Demonstration Studies What Prevents Patients’ Return from Institutions to the Community

A recent study by Mathematica Policy Research evaluated the progress of the “Money Follows the Person” (MFP) demonstration. Mathematica has evaluated the demonstration since the beginning and has issued several reports on various aspects of its implementation. The purpose of the demonstration is to examine three questions:

  • What supports and services would be needed to allow individuals in institutions to live in the community?
  • Does transition to the community improve patients’ health outcomes and/or quality of life?
  • Would transition programs save money?

The nationwide MFP demonstration was established under the Deficit Reduction Act of 2005 (DRA) (P.L. 109-171). Passed in February 2006, the law appropriated up to $1.75 billion for the five-year period ending September 30, 2011. The Patient Protection and Affordable Care Act (PPACA) (P.L. 111-148) extended the program for five more years, appropriated an additional $2.25 billion and reduced the minimum residence in an institution from six months to 90 days, not counting days of residence for the purpose of receiving short-term rehabilitation services.

The MFP demonstration may have been the first to allow state Medicaid programs to pay for expenditures that were not medical in nature.

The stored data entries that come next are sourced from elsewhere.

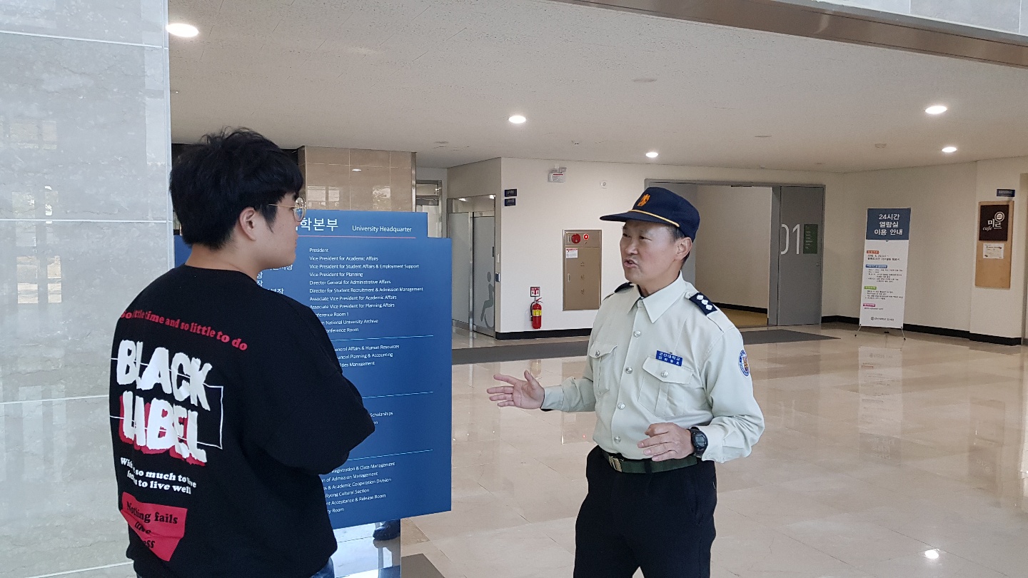 또 시간마다 순찰을 나가는데 밤에는 학생회관과 박물관 등등 문단속을 하는 일도 하고 있습니다.
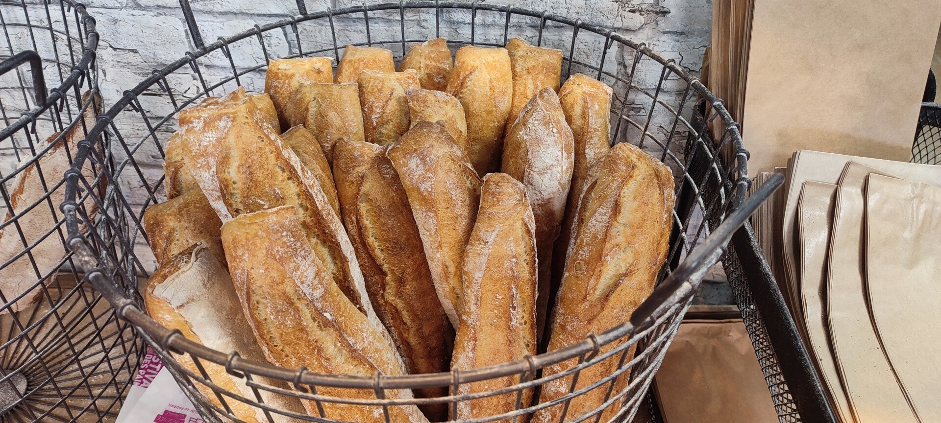 Notre baguette signature au levain, à la mie dense et légèrement colorée, savoureuse et inoubliable.
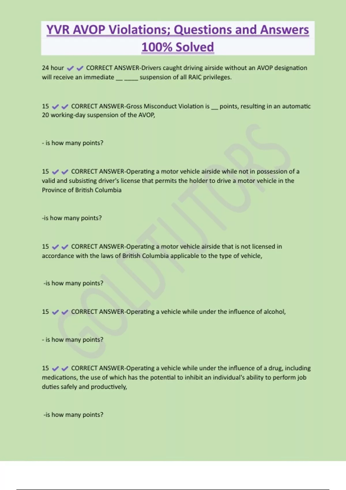 YVR AVOP Violations; Questions and Answers 100% Solved
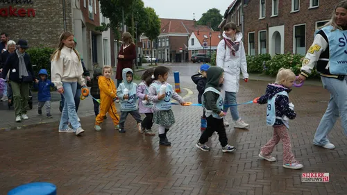 Burgemeester Tinet de Jonge was er bij, sprak de kleuters bemoedigend toe en deelde gekleurde legoblokjes uit.
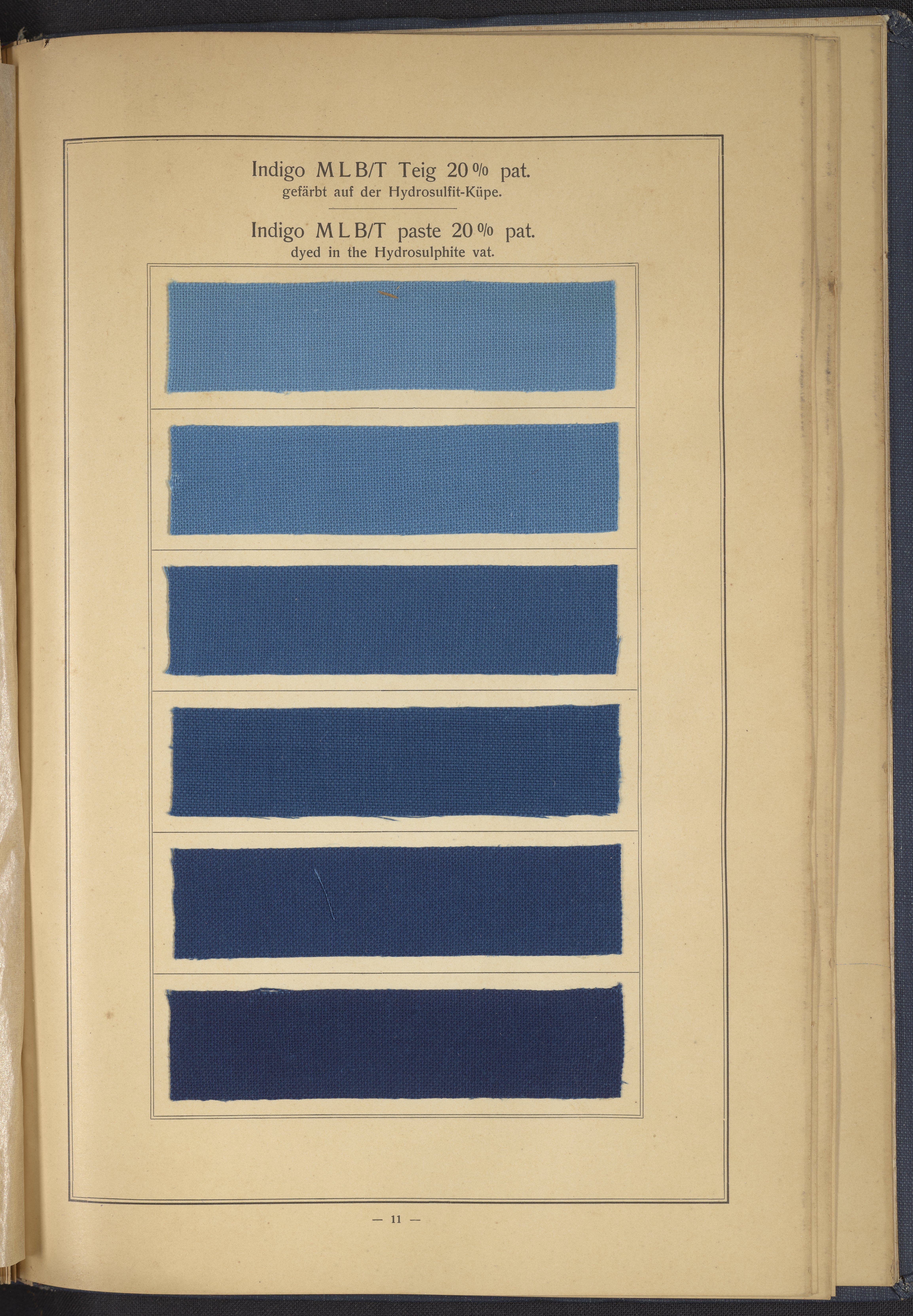 Small JPG1200 x 1634px — 431 KBLarge JPG2880 x 3920px — 2.7 MBFull-sized JPG4863 x 6619px — 7.0 MBOriginal fileTIFF — 4863 x 6619px — 92.2 MBThis sample book begins with a selection of recipes for the preparation of dye vats. Each recipe lists the solvents and solutes necessary to mix large-volume solutions of indigo textile dye using Indigo M.L.B. brand powdered dye, a synthetic indigo created using the "Pfleger indigo process," the first commercial process of indigo dye production. The recipes are followed by a series of protocols for indigo "resists" or the media used to prevent dye from penetrating the textile. Resist-dyeing is a traditional method used to create patterned designs on textiles. Substances are used to "resist" or prevent the dye from reaching all the cloth, thereby creating a pattern. Finally, the work contains 16 plates of mounted yarn and fabric samples demonstrating the outcomes of the preceding recipes.
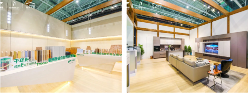 千年舟展出的家具樂凈生態(tài)板、鋅效抗菌系列、新型難燃OSB板、LSB高能家居板、準(zhǔn)分子超膚板等板材、以及各類全新花色憑借高顏值、高環(huán)保、高性能的優(yōu)勢成為了展會上引人矚目的焦點(diǎn)。
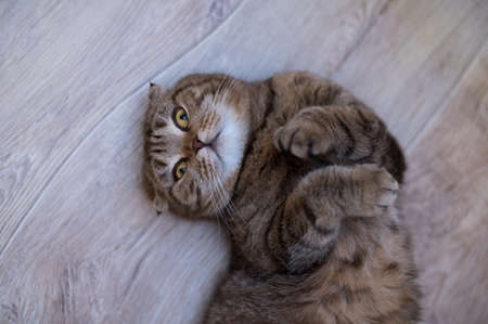 Adult Scottish Fold funny cat lies on the wooden floor

A major obstacle to Medicaid beneficiaries’ return to the community has been the lack of funds to pay for the expenses of the relocation. Often, beneficiaries cannot return to their former home because they no longer own it. Therefore, they need funds for one-time expenses such as security deposits for rent and utilities or the purchase of items needed to set up a household. MFP permitted Medicaid to pay for these and other items and services needed to allow beneficiaries to live in the community, such as modifications to make a home or vehicle accessible, personal security systems, adult day care and caregiver support and to consider these expenditures as medical assistance.

MFP also introduced the concept of self-direction of assistance, in which the individual decides how to allocate a set budget toward the services and supports needed. In some states, beneficiaries were given the freedom even to hire and fire their service providers.

For the first few years, progress was painfully slow. The first grants were awarded to three states in October 2007. The target number of beneficiaries to transition by the end of 2008 was about 4,000, but fewer than 1500 beneficiaries had moved out of institutions by then, according to Mathematica’s November 2009 field report.

Some of the obstacles to the use of MFP arise in any effort to shift state programs from institutional to home and community-based care and were discussed in posts last fall. However, when state officials were surveyed about helps and hindrances to their progress in implementing the MFP demonstration, both Mathematica and the Kaiser Family Foundation report, the most significant obstacle cited has consistently been the lack of safe, affordable and accessible housing.

The next major obstacle is the shortage of providers of the home- and community-based services (HCBS) the beneficiaries need. The shortage is worse in primarily rural states, where a care worker might have to drive long distances between clients.

Since the recession began, state budgets have been cut as revenues dropped. Agencies have had to cut funding for waiver programs and optional services in order to continue funding mandatory services—including nursing facility services.

How Well Does MFP Work?

To the extent that beneficiaries were able to take advantage of the program, they often benefited from it. About 85 percent of the beneficiaries remained in the community a year after community placement. Most beneficiaries reported improved quality of life, i.e., greater satisfaction with their lives and living arrangements, greater involvement in the community and fewer unmet needs.

The statistics on return to the institution are conflicting, ranging from 0 to 30 percent among states without comparing severity of illness, services provided, or adequacy of the assessment. Mathematica recently found that beneficiaries who transition to the community under MFP demonstrations fare best when they have thorough assessments, more time with a knowledgeable transition coordinator, and more post-placement visits to be sure any unforeseen issues are met. There are more transitions and fewer returns to the institution when there are clearly defined responsibilities and ample communication between the transition coordinator and the person who will be responsible for the HCBS the individual will receive after the transition. It’s also necessary for someone with knowledge of the local housing market and resources for housing assistance to help the beneficiary find a suitable, affordable place to live. The most successful programs have housing specialists to address these problems.

The services MFP participants receive before leaving the institution and during the first months afterward cost more than typical HCBS services. But the cost drops dramatically after the first month for both the elderly and beneficiaries with physical disabilities. Whether the extra services save money in the long run when compared to typical HCBS service programs is still unknown. There is no doubt though that they are less expensive than nursing facility services.